= Your instructions =
Exactly the lines from the start of the entries through the line with "This is the" are required in the output, with no pictures among them.

(Collection entries)
....

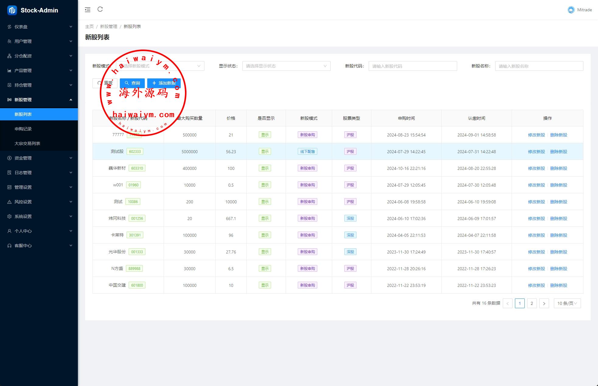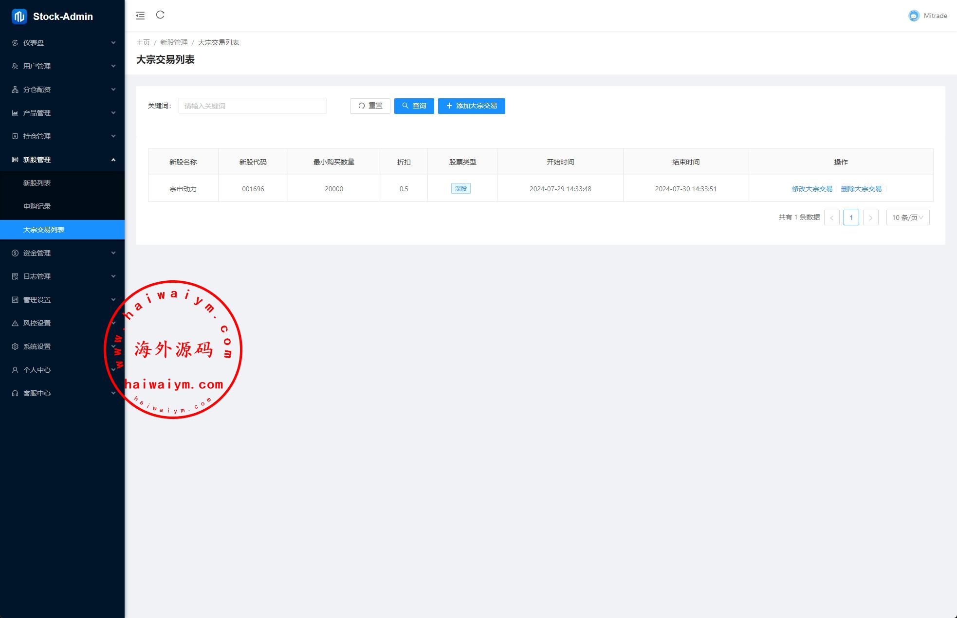 系统前端单a股交易、新股申购、大宗交易等功能前端、代理后台、总后台VUE开发,服务端java开发带纯源码跟教程
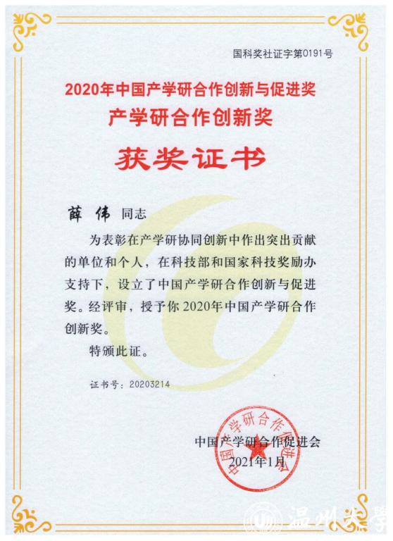 China Invention Association and China Association for the Promotion of Industry-University-Research Cooperation successively announced the 2020 Invention and Entrepreneurship & Innovation Award and 2020 China Industry-University-Research Cooperation Innovation and Promotion Award. The team led by Professor Xue Wei from Wenzhou University won the first prize of Invention and Entrepreneurship & Innovation Award (approved by Ministry of Science and Technology), Industry-university-research cooperation innovation award (individual), and Industry-university-research cooperation innovation award (institute).
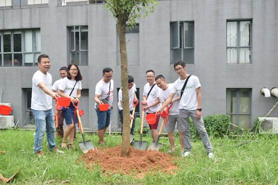 校友们还在电子楼的校道旁,共同栽下希望之树,表达了对学校“十年树木,百年树人”的真挚祝福和对学弟学妹们学有所成的期望。随后,回到了上课的地方——教室,举行时隔10年之久的班会,大家互相交流了自己近十年的经历,分享了自己的感想,并开展了丰富多彩的活动,当年的青涩纷纷涌上心头,仿佛回到了10年前,课室充满着欢笑。
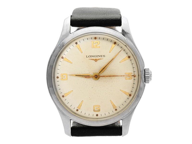 LONGINES, men´s wristwatch, 35 mm, Cal 12.68ZS, Serial no. 10347893, Case no. 6264 19/584 steel, manual winding, plastic crystal, damaged dial, leather strap, approx. 1956.
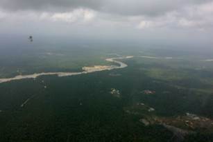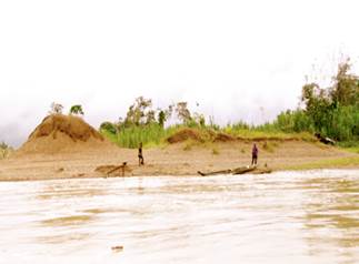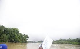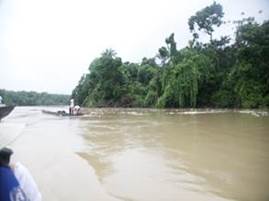 El profesor Olivero y Libia Grueso (de la ONU) coinciden en afirmar que afortunadamente aún hay zonas del río y de sus riberas (antes de que comience la zona minera) que presentan abundante capa vegetal y cultivos tradicionales. Sin embargo, la representante de ONU advierte que todo este panorama va a cambiar drásticamente cuando se ingrese en la zona de explotación minera. (Fotografías 19 a 22).
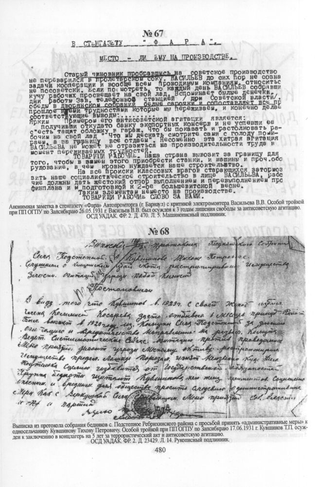Анонимная записка в стенгазету «Фара». Май 1931 г.
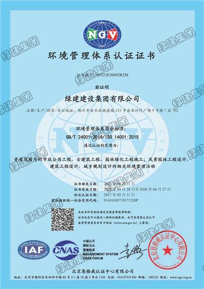 環境管理體系認證證書
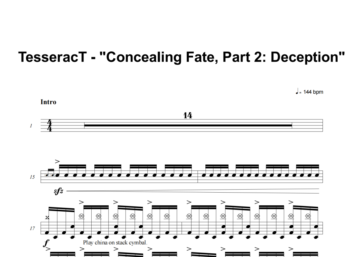 《Deception》是TesseracT演唱的一首歌曲,这份架子鼓谱共有十张高清图谱,图谱由 @庄颜 编配上传,图谱使用五线谱编配,使用这份Deception架子鼓谱,你将能够轻松地敲打出这首TesseracT的Deception,快来尝试吧。
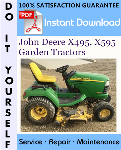 This is the COMPLETE factory Technical Manual for the John Deere X495, X595 Garden Tractors. This manual is very detailed and contains information and data to this model. has specs, diagrams, and actual real photo illustrations, and schemes. which give you complete step by step operations on repair, assembly, disassembly, Diagnosing, servicing, technical maintenance & troubleshooting procedures for your machine.
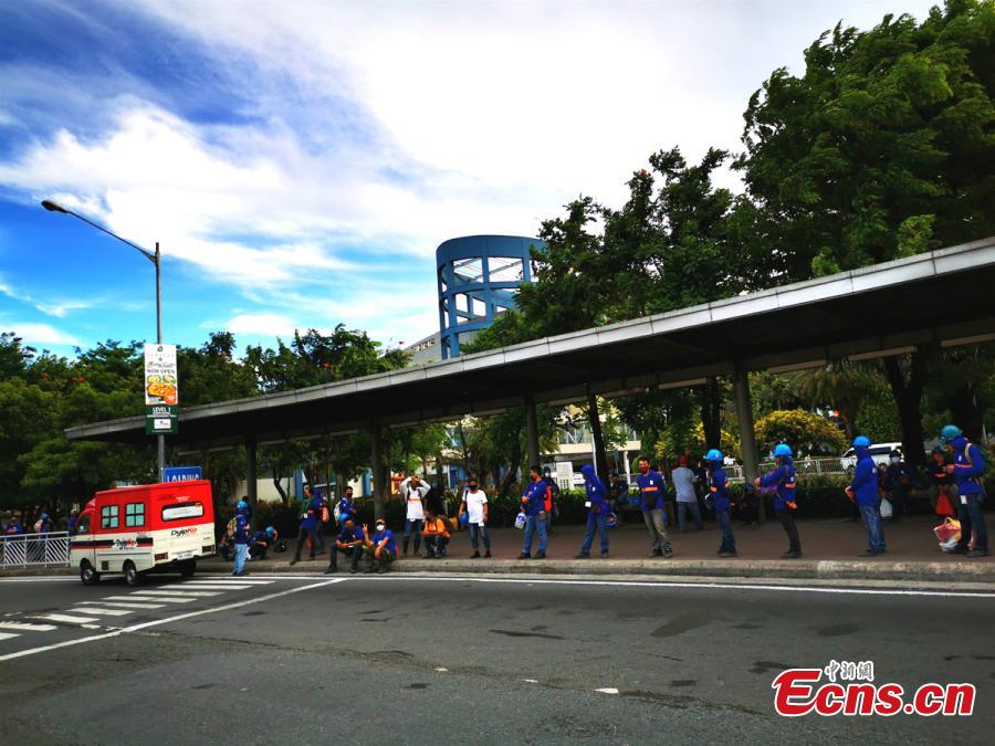 Photo taken on June 1, 2020 shows workers keep social distance, waiting for the commuter bus in Manila, capital of the Philippines. Philippine President Rodrigo Duterte on May 28 announced to further ease lockdown restrictions in Metro Manila from June 1 to allow more businesses and transport to reopen. (Photo: China News Service/Guan Xiangdong)
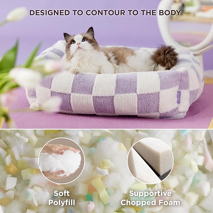 Lesure Cute Dog Bed for Small Dogs & Cats- Washable Puppy Beds,Cozy Rectangle Orthopedic Pet Sofa with Jacquard Shaggy Plush & Anti Slip Bottom,20x19x6inches
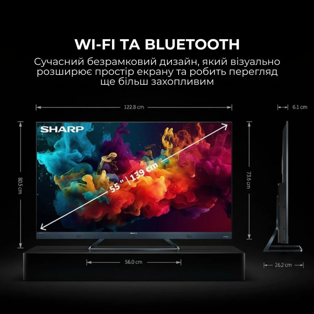 Бренд: Sharp; Диагональ, дюйм: 55; Разрешение, пиксели: 3840x2160; Частота, Гц: 60; Угол обзора, гор / верт: 178 / 178; Покрытие экрана: антибликовое; Поддержка HDR: HDR10, HLG, Dolby Vision; Тип...
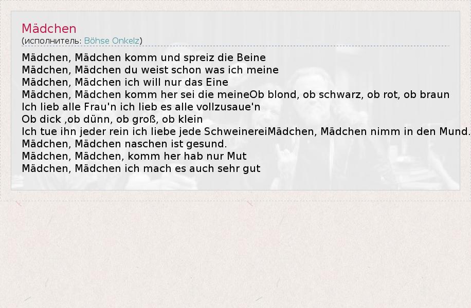 Mädchen, Mädchen komm und spreiz die Beine Mädchen, Mädchen du weist schon was ich meine Mädchen, Mädchen ich will nur das Eine Mädchen, Mädchen komm her sei die meineOb blond, ob schwarz, ob rot, ob braun Ich lieb alle Frau'n ich lieb es alle vollzusaue'n Ob dick ,ob dünn, ob groß, ob klein Ich tue ihn jeder rein ich liebe jede SchweinereiMädchen, Mädchen nimm in den Mund. Mädchen, Mädchen naschen ist gesund. Mädchen, Mädchen, komm her hab nur Mut Mädchen, Mädchen ich mach es auch sehr gut
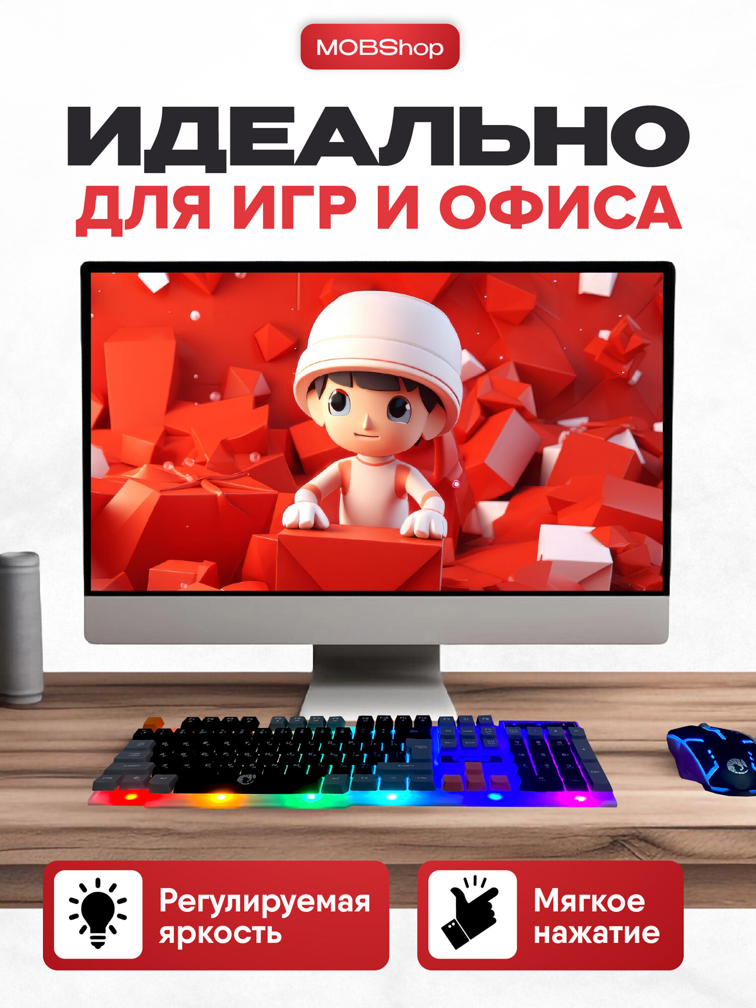 Игровой комплект клавиатура и мышь, с влагозащитой, с RGB-подсветкой, для ПК, USB интересное:
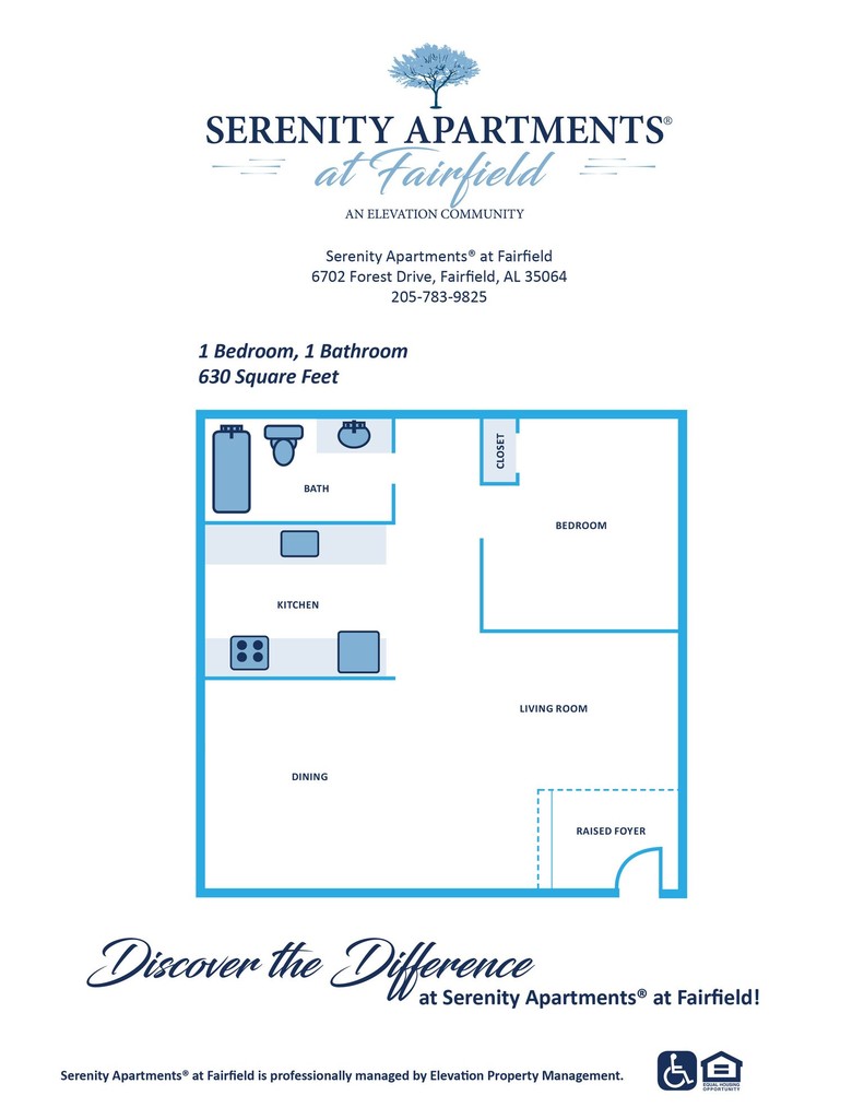 Perfectly nestled in the residential community of Forest Hills, Serenity Apartments at Fairfield offers spacious apartment homes with lush greens and modern interiors. In addition to renovated baths and kitchens with modern appliances, we offer ample closet space and a short drive to all your shopping needs while being just 15 minutes from bustling downtown Birmingham. Come and "Discover the Difference" at Serenity!
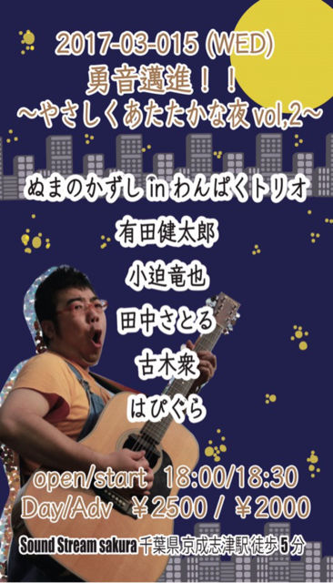 ¢¨Í§°ìϺ¡¡¤ï¤ó¤Ñ¤¯¥È¥ê¥ª¤Ç½Ð±é ¤Ì¤Þ¤Î¤«¤º¤·¡õSound Stream sakura¶¦ºÅ´ë²è ¡ØÍ¦²»î²¿Ê ¡Á¤ä¤µ¤·¤¯¤¢¤¿¤¿¤«¤ÊÌëvol,2¡Á¡Ù ½Ð±é¡§¤Ì¤Þ¤Î¤«¤º¤· in ¤ï¤ó¤Ñ¤¯¥È¥ê¥ª¡¿ÍÅÄ·òÂÀϺ¡¿¾®Ç÷εÌé¡¿ÅÄÃæ¤µ¤È¤ë¡¿¸ÅÌÚ½°¡¿¤Ï¤Ô¤°¤é ³«¾ì18:00¡¡³«±é18:30 Á°Çä¡ï2000(ÅöÆü¡ï2500)¡Ü1drink Sound Stream £óakura http://shizu-sound-stream.com/
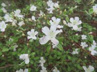 入ってまず目を引くのが、純白の花びらをもつユキモチソウです。
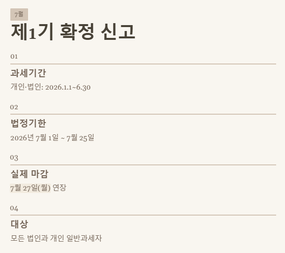 - 2026년 7월은 법인사업자와 개인 일반과세자의 상반기 실적에 대한 부가가치세 확정 신고 기간입니다. 마감일 연장에 유의하세요.
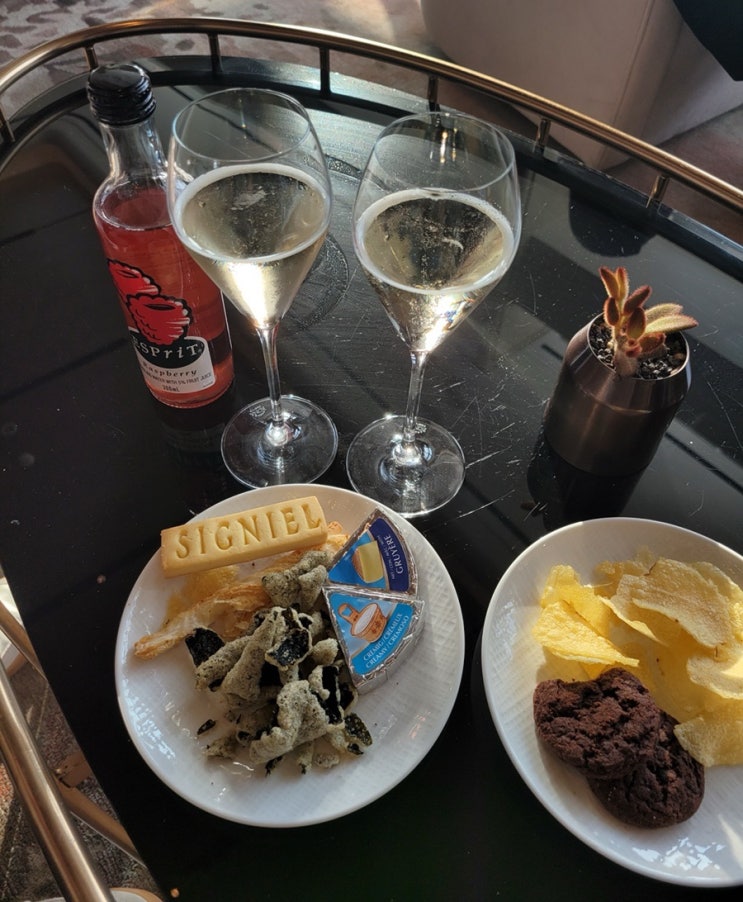 시그니엘 서울 라운지 ‘살롱 드 시그니엘’ 솔직 후기 (스파클링 와인 샴페인 무제한 / 감자칩 / 시그니엘 레터링 쿠키 / 김부각 / 이용시간)

....

= Solution below =
 系统前端单a股交易、新股申购、大宗交易等功能前端、代理后台、总后台VUE开发,服务端java开发带纯源码跟教程
 China Invention Association and China Association for the Promotion of Industry-University-Research Cooperation successively announced the 2020 Invention and Entrepreneurship & Innovation Award and 2020 China Industry-University-Research Cooperation Innovation and Promotion Award. The team led by Professor Xue Wei from Wenzhou University won the first prize of Invention and Entrepreneurship & Innovation Award (approved by Ministry of Science and Technology), Industry-university-research cooperation innovation award (individual), and Industry-university-research cooperation innovation award (institute).
 校友们还在电子楼的校道旁,共同栽下希望之树,表达了对学校“十年树木,百年树人”的真挚祝福和对学弟学妹们学有所成的期望。随后,回到了上课的地方——教室,举行时隔10年之久的班会,大家互相交流了自己近十年的经历,分享了自己的感想,并开展了丰富多彩的活动,当年的青涩纷纷涌上心头,仿佛回到了10年前,课室充满着欢笑。
 LONGINES, men´s wristwatch, 35 mm, Cal 12.68ZS, Serial no. 10347893, Case no. 6264 19/584 steel, manual winding, plastic crystal, damaged dial, leather strap, approx. 1956.
 El profesor Olivero y Libia Grueso (de la ONU) coinciden en afirmar que afortunadamente aún hay zonas del río y de sus riberas (antes de que comience la zona minera) que presentan abundante capa vegetal y cultivos tradicionales. Sin embargo, la representante de ONU advierte que todo este panorama va a cambiar drásticamente cuando se ingrese en la zona de explotación minera. (Fotografías 19 a 22).
Анонимная записка в стенгазету «Фара». Май 1931 г.
 環境管理體系認證證書
 《Deception》是TesseracT演唱的一首歌曲,这份架子鼓谱共有十张高清图谱,图谱由 @庄颜 编配上传,图谱使用五线谱编配,使用这份Deception架子鼓谱,你将能够轻松地敲打出这首TesseracT的Deception,快来尝试吧。
 This is the COMPLETE factory Technical Manual for the John Deere X495, X595 Garden Tractors. This manual is very detailed and contains information and data to this model. has specs, diagrams, and actual real photo illustrations, and schemes. which give you complete step by step operations on repair, assembly, disassembly, Diagnosing, servicing, technical maintenance & troubleshooting procedures for your machine.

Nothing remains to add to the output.